* **Aim of the task**: Excluding pictures, retype the line with "コスメデコルテトーンパーフェ" and each line that follows it to the end of the data below, word for word.

* **Data shown**:
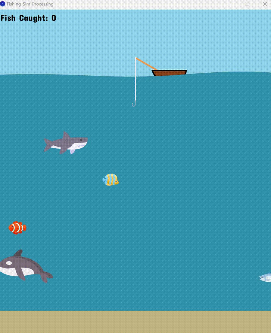 Also, on a different sketch, different fish were imported to the Processing rendering such that they vary in type (and thus size and speed). This will be utilized such that different fish will resist in various haptic feedback to the users experiencing the fishing simulator. The speed of each fish type is controlled, and they appear randomly to add some excitement to the game!
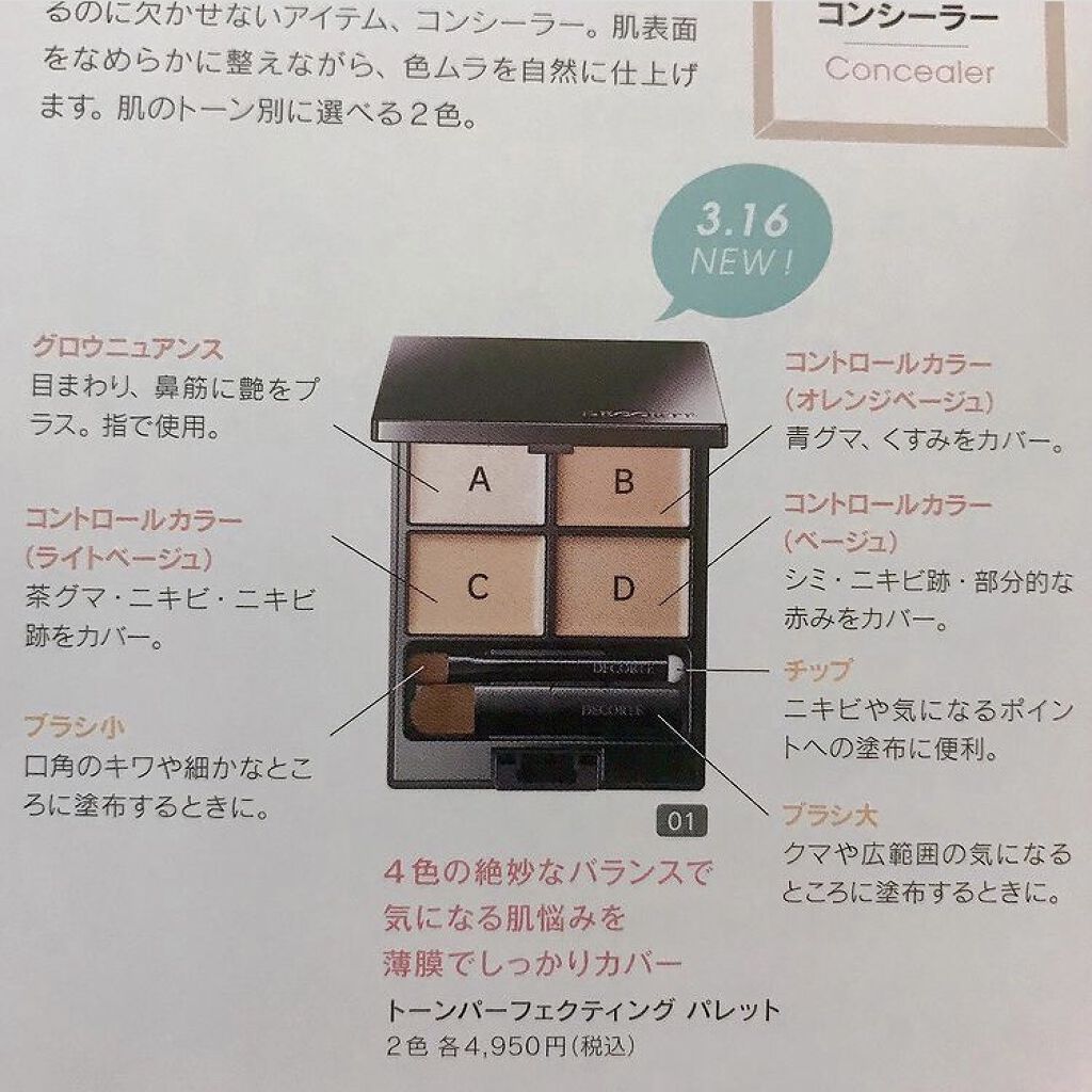 コスメデコルテトーンパーフェクティングパレット01リピートアイテム♡クマ、シミ、ニキビあと、肌の悩みをカバーしながら、左上のカラーで目まわりや鼻筋にツヤをプラスできます♡厚塗り感がなくてナチュラルな仕上がりだと思います!テクスチャーは、しっと...
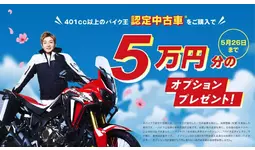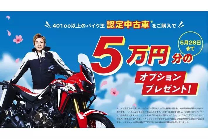 401cc以上のバイク王認定中古車を購入で50,000円分のオプションプレゼント!春の大型バイクデビュー応援

* **Solution to the exercise**:
 コスメデコルテトーンパーフェクティングパレット01リピートアイテム♡クマ、シミ、ニキビあと、肌の悩みをカバーしながら、左上のカラーで目まわりや鼻筋にツヤをプラスできます♡厚塗り感がなくてナチュラルな仕上がりだと思います!テクスチャーは、しっと...
 401cc以上のバイク王認定中古車を購入で50,000円分のオプションプレゼント!春の大型バイクデビュー応援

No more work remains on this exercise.